Directions for this task: While copying the entries exactly, leave out each picture they contain.

Stored items from a collection
★ ★ ★ ★

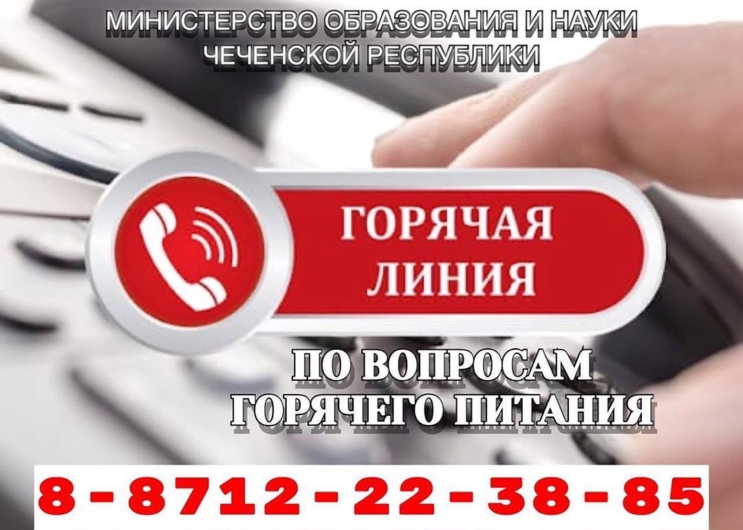 Сообщаем вам, что в Министерстве образования и науки Чеченской Республики работает горячая линия по вопросам предоставления горячего питания обучающимся начальных классов.
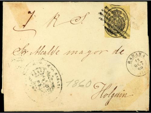 COLONIAS ESPAÑOLAS: CUBA. Ed. 6. Carta de LA HABANA a HOLGUIN el 13 Oct. 1860 y llegada el 22 en el reverso. RARA.
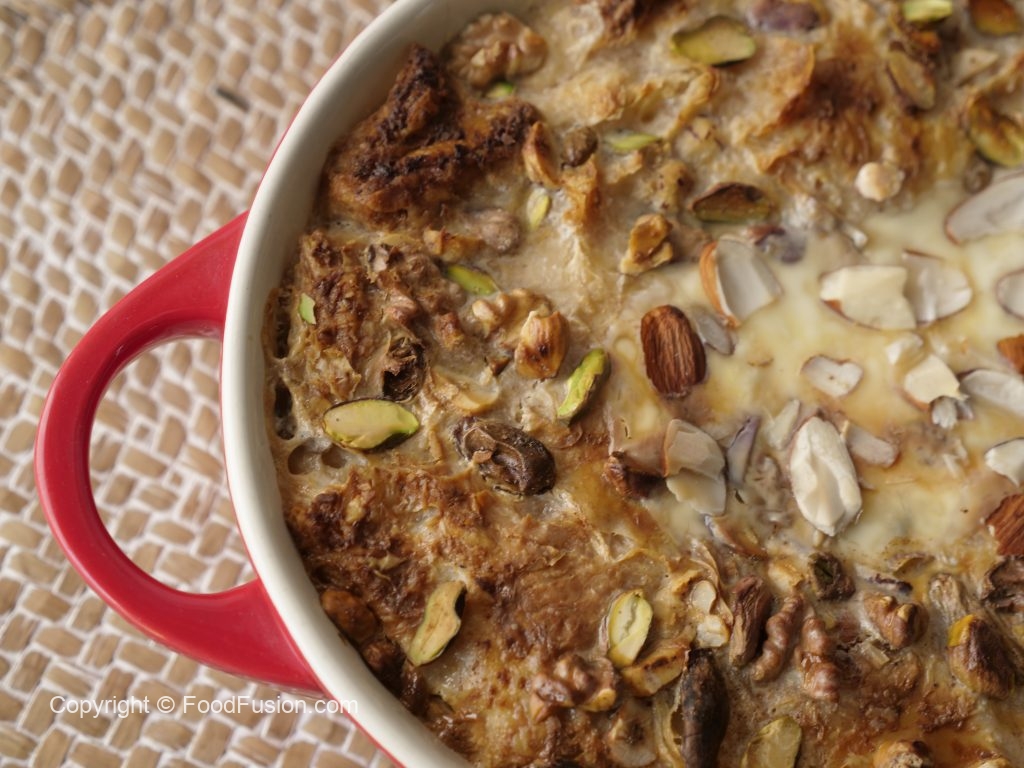 Baking dish mein puff pastry ko break ker ka dal dein,darchini powder,khopra,kishmish, hazelnuts, akhrot,pista,tayyar doodh dal dein aur upper sa cream aur badam dal dein.
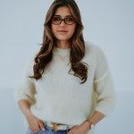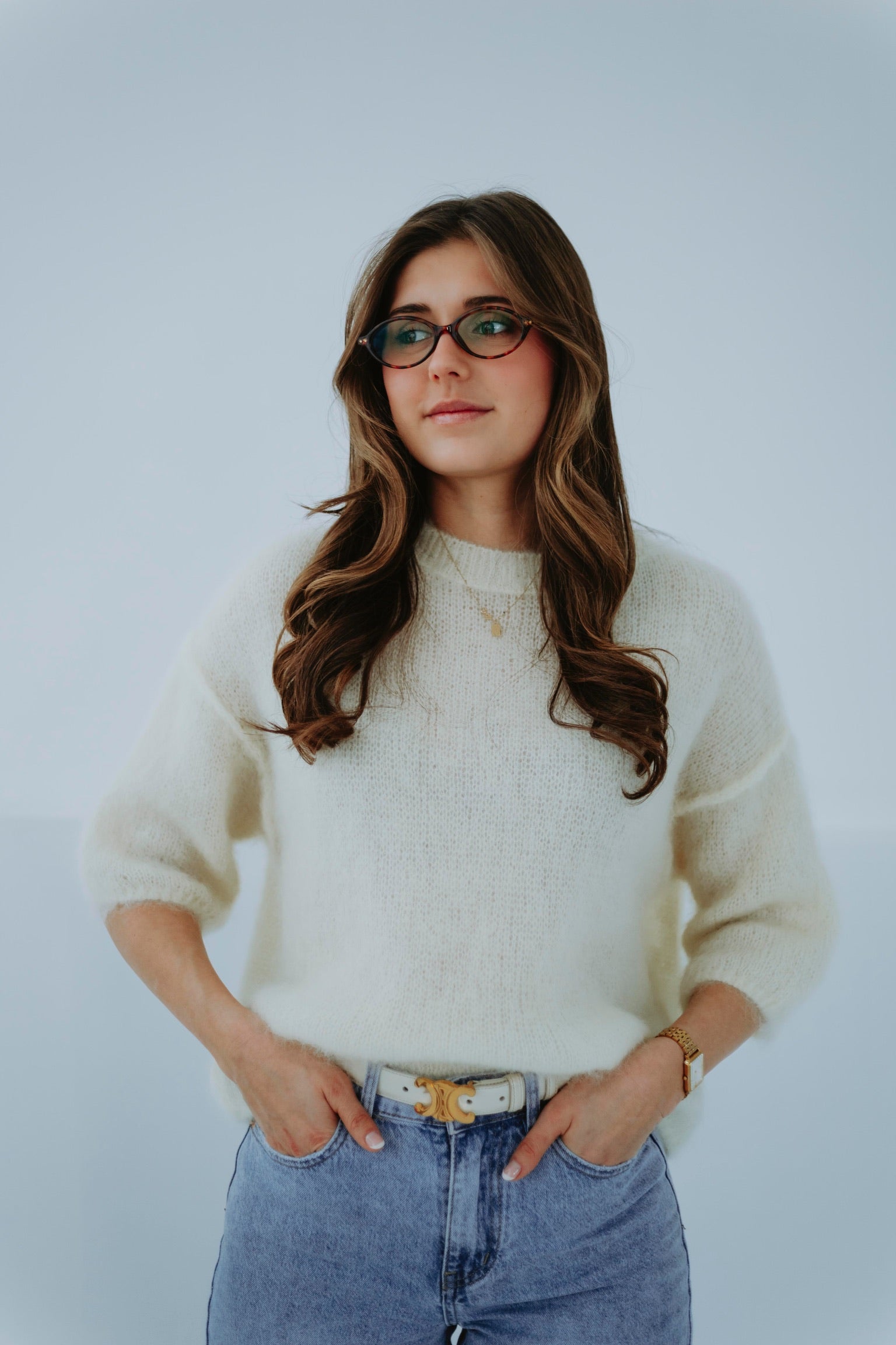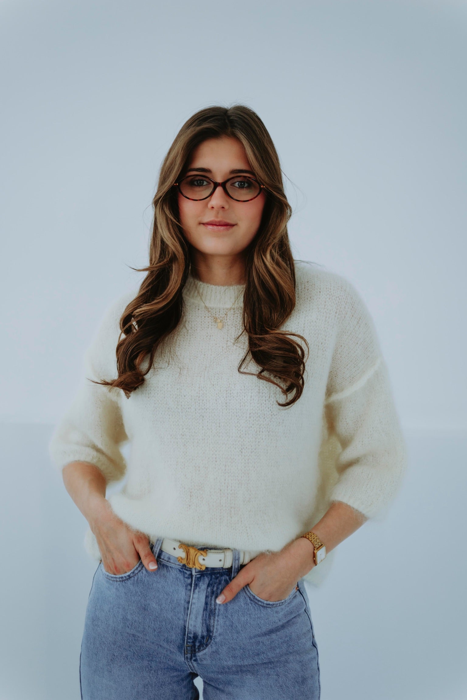 Zachte mohair in speelse pasteltinten maakt deze trui perfect voor de lente. Met driekwart mouwen voelt hij luchtig en stijlvol tegelijk, ideaal om over een simpele top te dragen. Romantisch, cozy en toch fris – een echte lentefavoriet.
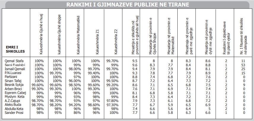 Pas tre vitesh në top listë, “Sami Frashëri” zbret nga piedestali si gjimnazi më i mirë publik në Tiranë. Vendin e tij për 2017-2018 e zë “Qemal Stafa”, e renditur gjithnjë si ndër më të mirat, por që asnjëherë nuk kishte njohur kryesimin. Në dokumentin e siguruar nga gazeta, rezulton se ashtu si edhe vitin e kaluar “Ismail Qemali” e “Petro Nini Luarasi” kanë mbetur në vendnumëro, duke u renditur përkatësisht në vendin e tretë dhe të katërt, ndjekur nga të mesmet, “Partizani” dhe “Sinan Tafaj”, të cilët, ndryshe nga dy të lartpërmendurit, kanë njohur rritje performance, duke u ngjitur me dy vende nga viti i kaluar. Në fund të gjimnazeve më të mirë të Tiranës qëndrojnë shkollat “Abdullah Keta” dhe “Sandër Prosi”, thuajse në të njëjtin nivel si më parë.
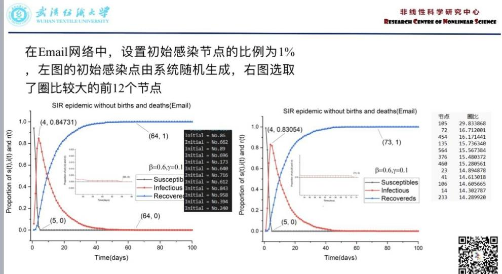 杨凤鸣:本周汇报的是近期工作,本次汇报了基于SIR模型,类比疾病传播过程,研究网络中病毒的传播。选取圈比这个指标对节点进行重要性排序后,可以比较在不同的初始感染节点下病毒的传播过程,通过选择具有高影响力的节点作为初始感染者,在SIR传染病模型中可以最大限度地扩大疾病的传播范围,从而有针对性的抑制疾病传播.
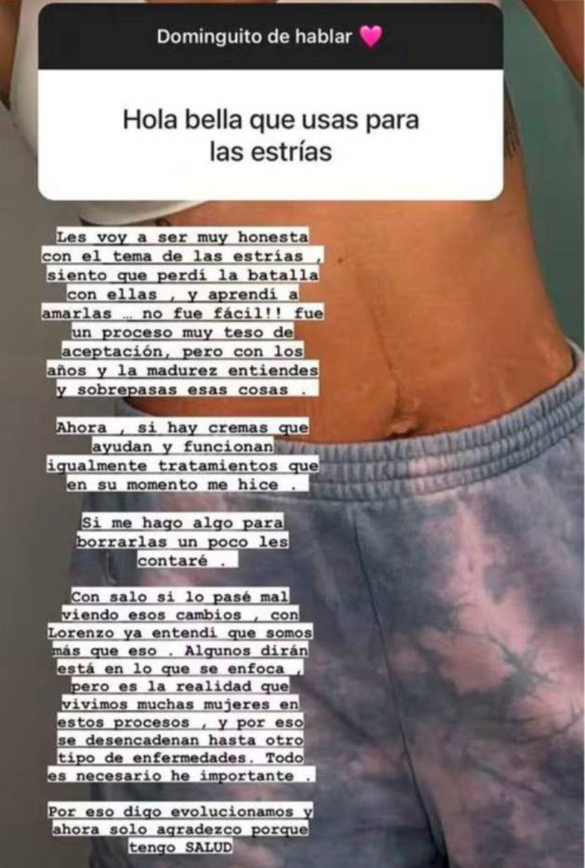 “Sentí que perdí la batalla con ellas y aprendí a amarlas... ¡no fue fácil! Fue un proceso muy teso de aceptación, pero, con los años y la madurez, entiendes y sobrepasas esas cosas. Ahora, sí hay cremas que ayudan y funcionan, igual tratamientos que en su momento me hice”, dice en la historia de Instagram, en la que muestra una imagen de su abdomen. Lea: ¿Daniela Ospina está esperando gemelos? Este pequeño detalle hizo creerlo
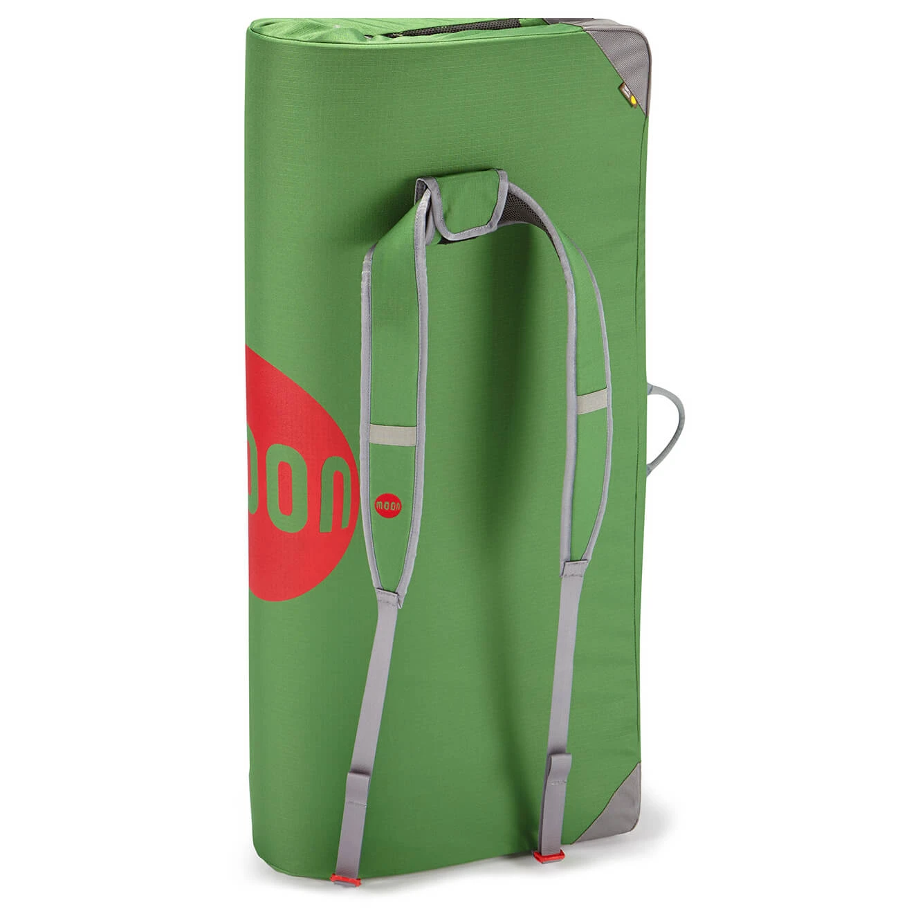 Innen findet sich eine dünne Lage geschlossenzelliger PE-Schaum sowie eine dicke Lage offenzelliger Schaum. Diese Lagen absorbieren Stöße, indem die Aufprallenergie optimal verteilt wird. Das äußerst robuste, abriebfeste Ballistic Nylon kommt als Außenmaterial zum Einsatz und schützt den Schaum vor Fremdeinwirkung. Zusammengehalten wird das Pad mit hochwertigen Aluminiumschnallen und einige Schlaufen und Griffe machen das Handling beim Transport einfach. Das Pluto von Moon Climbing ist ein durchdachtes Crashpad, das sich auch wunderbar in größeren Crashpads verstauen lässt!
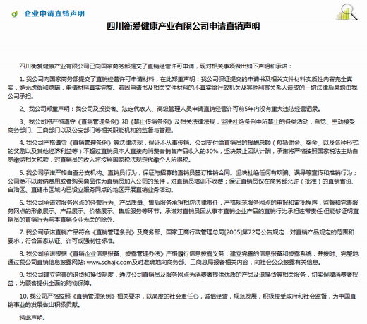 2016年2月14日,春节假期结束后的第一个工作日,商务部直销行业管理信息系统网站上就挂出了四川衡爱健康产业有限公司申请直销声明,这表示四川衡爱健康产业有限公司已向国家商务部提交了直销经营许可申请。
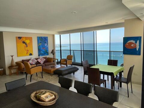 Live the dream on Chipipe Beach, one of the most sought-after and serene areas of Salinas, Ecuador. This impressive 220 m2 oceanfront condo offers the rare privacy of one full-floor per unit, combining space, light, and uninterrupted Pacific Ocean views in a truly privileged setting.
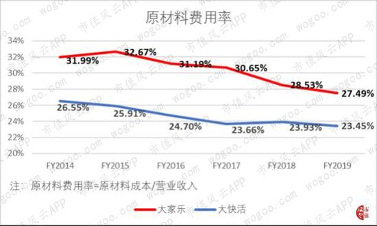 原材料成本是两家公司历年来的第二大成本,但其占营收的比重近年来不断下降。2014-2019财年,大家乐集团和大快活集团期间的原材料费用率分别总体下降了4.5和3.1个百分点,截至期末分别为27.5%和23.5%。
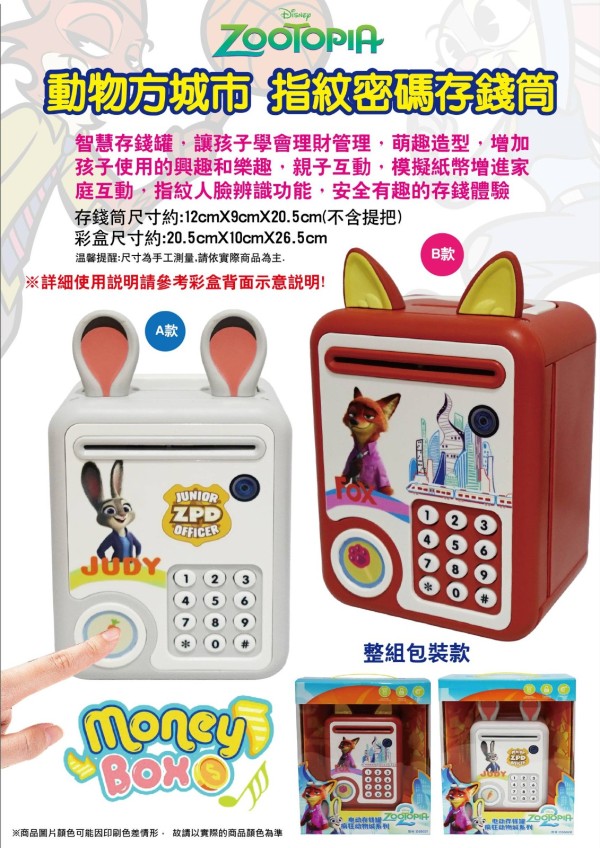 ※加入購物車後,須完成訂單, 系統才會轉成最終的批發價格 選購上若有疑問, 可取消訂單或是私訊新創小幫手唷! ❤ 動物方城市-指紋密碼存錢筒(2款) 系列❤ ▪批量級距價格▪ ♥下單 1 個以上 $ 400 /元 ♥下單 2 個以上 $ 250 /元 尺寸:10x20.5x26.5cm 一箱72入

★ ★ ★ ★

Worked solution:
 Сообщаем вам, что в Министерстве образования и науки Чеченской Республики работает горячая линия по вопросам предоставления горячего питания обучающимся начальных классов.
 COLONIAS ESPAÑOLAS: CUBA. Ed. 6. Carta de LA HABANA a HOLGUIN el 13 Oct. 1860 y llegada el 22 en el reverso. RARA.
 Baking dish mein puff pastry ko break ker ka dal dein,darchini powder,khopra,kishmish, hazelnuts, akhrot,pista,tayyar doodh dal dein aur upper sa cream aur badam dal dein.
 Zachte mohair in speelse pasteltinten maakt deze trui perfect voor de lente. Met driekwart mouwen voelt hij luchtig en stijlvol tegelijk, ideaal om over een simpele top te dragen. Romantisch, cozy en toch fris – een echte lentefavoriet.
 Pas tre vitesh në top listë, “Sami Frashëri” zbret nga piedestali si gjimnazi më i mirë publik në Tiranë. Vendin e tij për 2017-2018 e zë “Qemal Stafa”, e renditur gjithnjë si ndër më të mirat, por që asnjëherë nuk kishte njohur kryesimin. Në dokumentin e siguruar nga gazeta, rezulton se ashtu si edhe vitin e kaluar “Ismail Qemali” e “Petro Nini Luarasi” kanë mbetur në vendnumëro, duke u renditur përkatësisht në vendin e tretë dhe të katërt, ndjekur nga të mesmet, “Partizani” dhe “Sinan Tafaj”, të cilët, ndryshe nga dy të lartpërmendurit, kanë njohur rritje performance, duke u ngjitur me dy vende nga viti i kaluar. Në fund të gjimnazeve më të mirë të Tiranës qëndrojnë shkollat “Abdullah Keta” dhe “Sandër Prosi”, thuajse në të njëjtin nivel si më parë.
 杨凤鸣:本周汇报的是近期工作,本次汇报了基于SIR模型,类比疾病传播过程,研究网络中病毒的传播。选取圈比这个指标对节点进行重要性排序后,可以比较在不同的初始感染节点下病毒的传播过程,通过选择具有高影响力的节点作为初始感染者,在SIR传染病模型中可以最大限度地扩大疾病的传播范围,从而有针对性的抑制疾病传播.
 “Sentí que perdí la batalla con ellas y aprendí a amarlas... ¡no fue fácil! Fue un proceso muy teso de aceptación, pero, con los años y la madurez, entiendes y sobrepasas esas cosas. Ahora, sí hay cremas que ayudan y funcionan, igual tratamientos que en su momento me hice”, dice en la historia de Instagram, en la que muestra una imagen de su abdomen. Lea: ¿Daniela Ospina está esperando gemelos? Este pequeño detalle hizo creerlo
 Innen findet sich eine dünne Lage geschlossenzelliger PE-Schaum sowie eine dicke Lage offenzelliger Schaum. Diese Lagen absorbieren Stöße, indem die Aufprallenergie optimal verteilt wird. Das äußerst robuste, abriebfeste Ballistic Nylon kommt als Außenmaterial zum Einsatz und schützt den Schaum vor Fremdeinwirkung. Zusammengehalten wird das Pad mit hochwertigen Aluminiumschnallen und einige Schlaufen und Griffe machen das Handling beim Transport einfach. Das Pluto von Moon Climbing ist ein durchdachtes Crashpad, das sich auch wunderbar in größeren Crashpads verstauen lässt!
 2016年2月14日,春节假期结束后的第一个工作日,商务部直销行业管理信息系统网站上就挂出了四川衡爱健康产业有限公司申请直销声明,这表示四川衡爱健康产业有限公司已向国家商务部提交了直销经营许可申请。
 Live the dream on Chipipe Beach, one of the most sought-after and serene areas of Salinas, Ecuador. This impressive 220 m2 oceanfront condo offers the rare privacy of one full-floor per unit, combining space, light, and uninterrupted Pacific Ocean views in a truly privileged setting.
 原材料成本是两家公司历年来的第二大成本,但其占营收的比重近年来不断下降。2014-2019财年,大家乐集团和大快活集团期间的原材料费用率分别总体下降了4.5和3.1个百分点,截至期末分别为27.5%和23.5%。
 ※加入購物車後,須完成訂單, 系統才會轉成最終的批發價格 選購上若有疑問, 可取消訂單或是私訊新創小幫手唷! ❤ 動物方城市-指紋密碼存錢筒(2款) 系列❤ ▪批量級距價格▪ ♥下單 1 個以上 $ 400 /元 ♥下單 2 個以上 $ 250 /元 尺寸:10x20.5x26.5cm 一箱72入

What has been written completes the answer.